Why do I have to use a quadratic equation?

Question

I don't understand why this doesn't work:
Problem: $$x^{2}+x-2=0$$ Solution: $$x^{2}+x=2$$ $$x+x=\sqrt{2}$$ $$2x≈1.4$$ $$x≈1.4/2$$ $$x≈0.7$$ Checking: (Note: I made the calculation with more decimals than the amount I wrote here; that explain $0.7^{2}=0.5$) $$0.7^{2}+0.7-2≈0.5+0.7-2≈-0.79$$ This method doesn't work...it gives $-0.79$ and it must give 0.

Instead I must do:

Good Solution: $$\frac{-b±\sqrt{b^{2}-4ac}}{2a}=0$$ $$\frac{-1±\sqrt{1^{2}-4\times1\times(-2)}}{2\times 1}=0$$ $$\frac{-1±\sqrt{1+8}}{2}=0$$ $$\frac{-1±\sqrt{9}}{2}=0$$ $$\frac{-1±3}{2}=0$$ $$x_{1}=\frac{-1+3}{2}=\frac{2}{2}=1$$ $$x_{2}=\frac{-1-3}{2}=\frac{-4}{2}=-2$$ Checking: $$1^{2}+1-2=1+1-2=0$$ $$(-2)^{2}+(-2)-2=4-2-2=0$$ And that gives a good result.

1. I don't understand why my first attempt doesn't work.
2. Also, I don't understand why it has 2 possible results, $1$ and $-2$.

Answer 1

This is wrong :

$$x^2 + x = 2 \Rightarrow x + x = \sqrt{2}$$

The square root applies to the whole term :

$$x^2+x=2 \Rightarrow \sqrt{x^2+x} = \sqrt2$$

if $x^2 + x \geq 0$.

This is why your attempt is mistaken.

The equation $x^2 + x - 2=0$ has two roots (not two possible results, this is mistaken as a phrase), because of the square power. Explaining why this form means $2$ solutions, can be done in a lot of ways.

Graphically and geometrically, an equation of the form : $ax^2 + bx + c = 0$ describes a parabola, which due to its geometric form, if it has one solution, it needs to have another one, thus two roots, either on the real plane, or in the complex plane, based on the sign of its discriminant.

Alternatively, you can observe two numbers that satisfy the equation, by factorization : $(x-1)(x+2)=0$, which means that either for $x=1$ or $x=-2$ the equation/expression is satisfied.

Equations of the form $ax^2 + bx + c = 0$, which is the ones your post is interested in, always have a straight-forward solution and are of the most common in entry mathematics.

You can read up on some more stuff for the quadratic equation here.

Answer 2

This doesn't work because the step $$x^2+x=2 \implies x+x=\sqrt 2$$ is wrong.

You cannot take root only on one term in LHS, you will have to take square root of complete LHS. That is $\sqrt{x^2+x}$.

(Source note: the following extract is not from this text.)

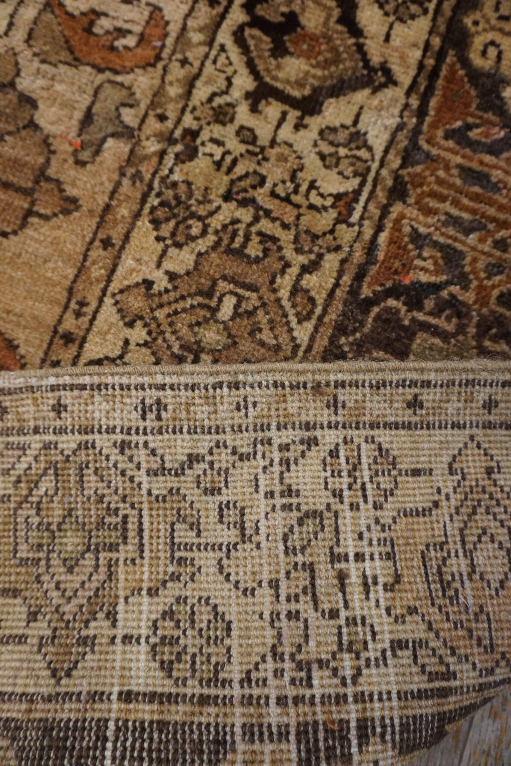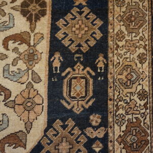 The rug’s field features a stylized paisley rug design pattern, arranged in a rhythmic progression that guides the eye along the length of the carpet. Interpreted through a tribal lens, the paisley forms appear more angular and dynamic than their classical counterparts, giving the design a sense of movement and vitality. The long, narrow proportions further enhance this effect, making the rug especially well-suited to transitional spaces.

I think an example will make it easy for you to understand.

What you did : $$16+9=25 \implies \sqrt{16}+9=\sqrt{25} \implies 4+9=5$$ and this is definitely wrong.

Answer 3

Your step from $x^2+x=2$ to $x+x=\sqrt 2$ is not correct. First you cannot take the square root of just one term on one side of the equation. The proper expression would be $\sqrt{x^2+x}=\sqrt 2$ which is more complicated, not less, so probably a step in the wrong direction. Second, taking a square root introduces a sign ambiguity. If you had $x^2=4$ and took the square root you need to get $x=\pm 2$ because $(-2)^2=4$ as well as $2^2=4$.

Answer 4

Why are there two results? Well $(-a)^2 = (a)^2$ and though there is a convention that the principal (non-negative) value of the square root is used when we take the square root, when we operate by squaring a number, there are two numbers which give the same result - one is positive and the other negative.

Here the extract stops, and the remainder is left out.